The irony is they all, even the worst of them, *do* mean well. Torture is not done without a noble end; that's what makes the dedicated torturer so frightening.
Honourable Men
I weep hot tears today
For fire in Afghan night
For burned Manhattan streets
For tanks in Saudi sands
Indignant billboards swear
This wrong shall be avenged
We shall achieve our ends
We are no friend of terror
"The fireball is bright
We do not love the flame
The knive is small and cheap
We do not love the knife
"We do not love the the warship
Or flame or knife, or nuclear blast
Or any of our means of war
We think only of peace - "
They are such worthy men
Of wisdom and of peace
Who are indeed my friends
That I am hesitant
To say that still I weep
Hot tears without an end
That Christ not raise the wounded Dow
But dead Afghanistan
Poem: ‘01
After Afghanistan, before Iraq. That gut feeling: 'Oh God NO!' Seeing America signing her death warrant, yoking her future to a reborn Cold War, running eagerly, insanely to death like a child across a highway. A stark vision of perpetual war come home the only way it could, as civil war. It hasn't happened yet: I'd say God forbid, but can even God forbid a path that has not yet been unchosen?
'01
There was a dream I had
it went like this:
black wings among the clouds
a fractured hiss
of gas escaping
in the broken night
and ghosts among the rubble
bone-slick white
there was no sun at all
it had been weeks
since rain had stirred the cracked
and oil-drowned peaks
of ruined gallerias,
churches, banks
the freeways choked with
rusting trackless tanks
and coldly glowing cancer
burned my eyes;
I walked as fast I could.
The haunted skies
resounded with the shrieks
of wounded jets
they spiralled down in fury.
I forget
the weeks I wandered,
lost and dazed
somehow I found a green
secluded grave
there lay a single headstone
sketched in chalk
'Here lies America the Great.
She trusted War.'
Poem: Blood
After Afghanistan, or in the run-up to it. I guess I was going for something of the rhythm of Auden's 'September 1, 1939' which saturated the Net in those weeks.

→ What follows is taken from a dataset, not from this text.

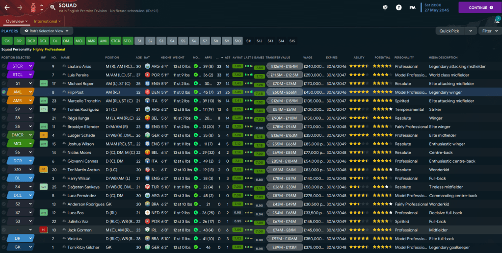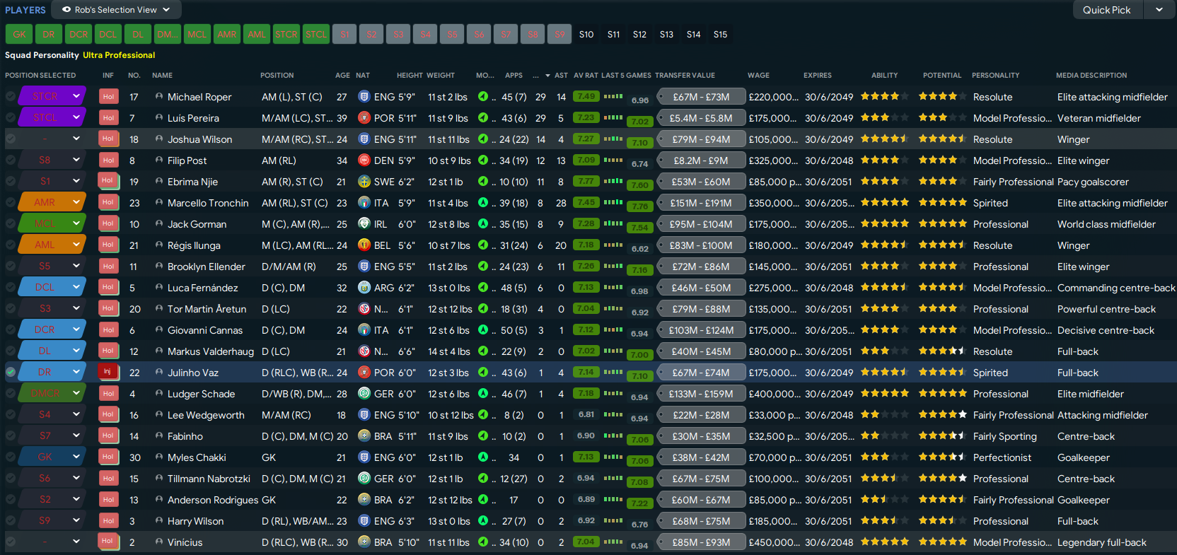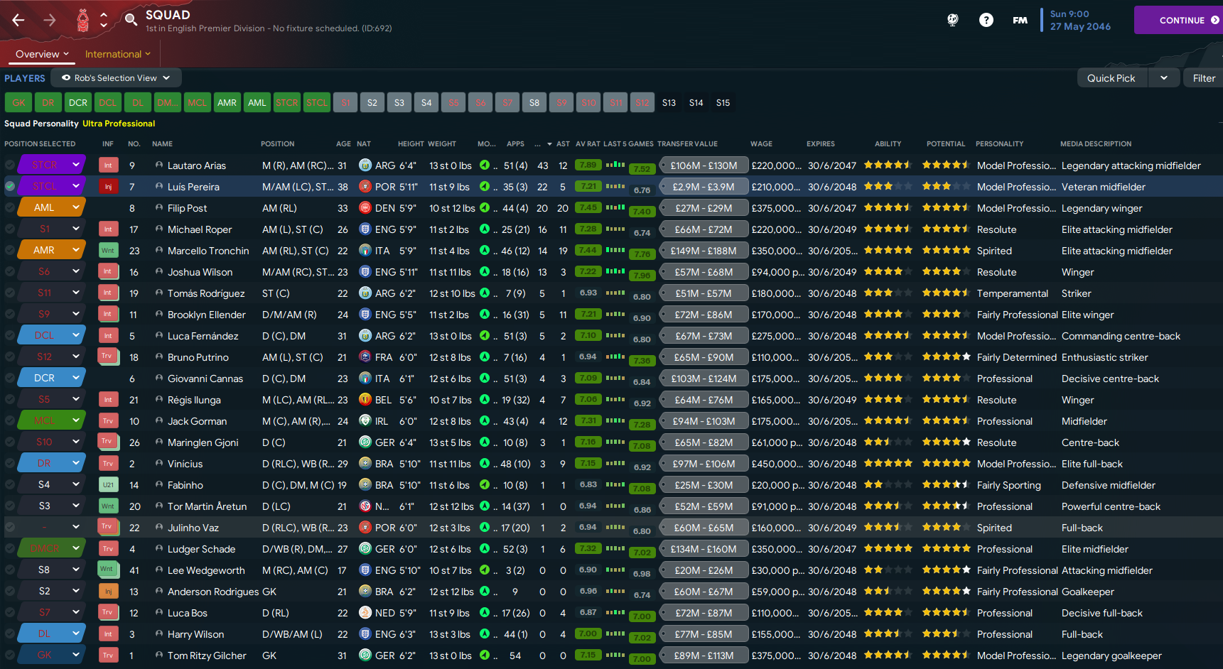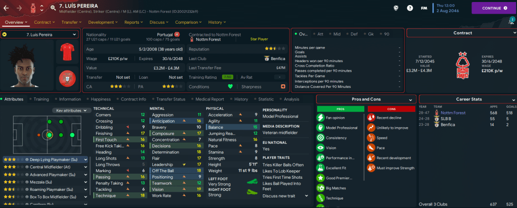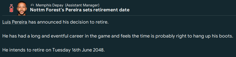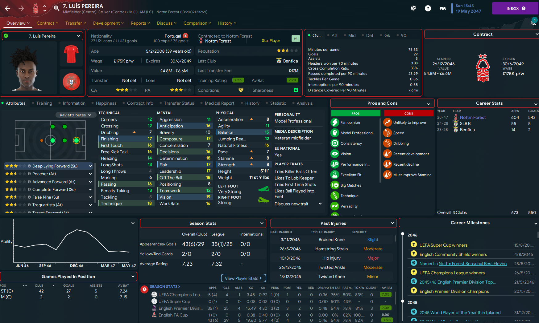 I presumed Pereira’s latest injury would prompt his retirement – but I was wrong, he was firmly committed to playing on in 2045/46. The only problem was his ability and physicals had declined massively over the last few months, to the point he’s now considered our 8th-best striker.

The big moral question put to me was: Our brave men in uniform are willing to give their lives for our 'freedom', who are YOU to object?
And it's still a good question. On what authority can I call fighting people to peace, when peace for them may mean desolation of all they hold sacred? What am I willing to sacrifice for peace, if peace indeed comes by sacrifice?
I never did travel to a war zone. I would like to support those peace workers who do go though.
Blood
You say that only blood
can wash the earth -
of crime, and terror,
bankers' debts accrued
that pain has been the
engine of rebirth
since heroes learned to hate
the gods they slew -
I see your talking mouths
on every screen
in concrete bunkers
or in boardroom chairs
resplendent in your passion,
you careen
from holocaust to jihad
and declare
"Our noble cause is righteous -
None before
Have chanced upon this
Whiter, Brighter, Way
This is our best salvation:
Total war
This is your only freedom:
To obey"
and we, who after decades
of command
have learned to kiss the bomb
and serve the fries
forgive us if we do not
understand
why demons lurk
in starving children's eyes
You say that blood is power -
then this blood
of mine, perhaps, will travel
to a place
where righteous missiles
rain in killing flood
from holy satellites
in Western space
And if my blood should stand
between the stars
and oil seeping from the
broken land
perhaps I would be justified
to ask
that Time put down her gun,
reach out her hand
And if not - love has fortunes,
same as war
And blood for blood breeds blood -
but love breeds more.
Poem: Geodesics
From 2001 - before 9/11. Surfing for images of the 1964 World's Fair in Flushing Meadows (and that was before Google Earth). Rumours that a geodesic dome had survived and was being used by the zoo. A piece of iconic furniture, quietly rotting away like most of Buckminster Fuller's visions - too far ahead of their time, yet a time that must surely come.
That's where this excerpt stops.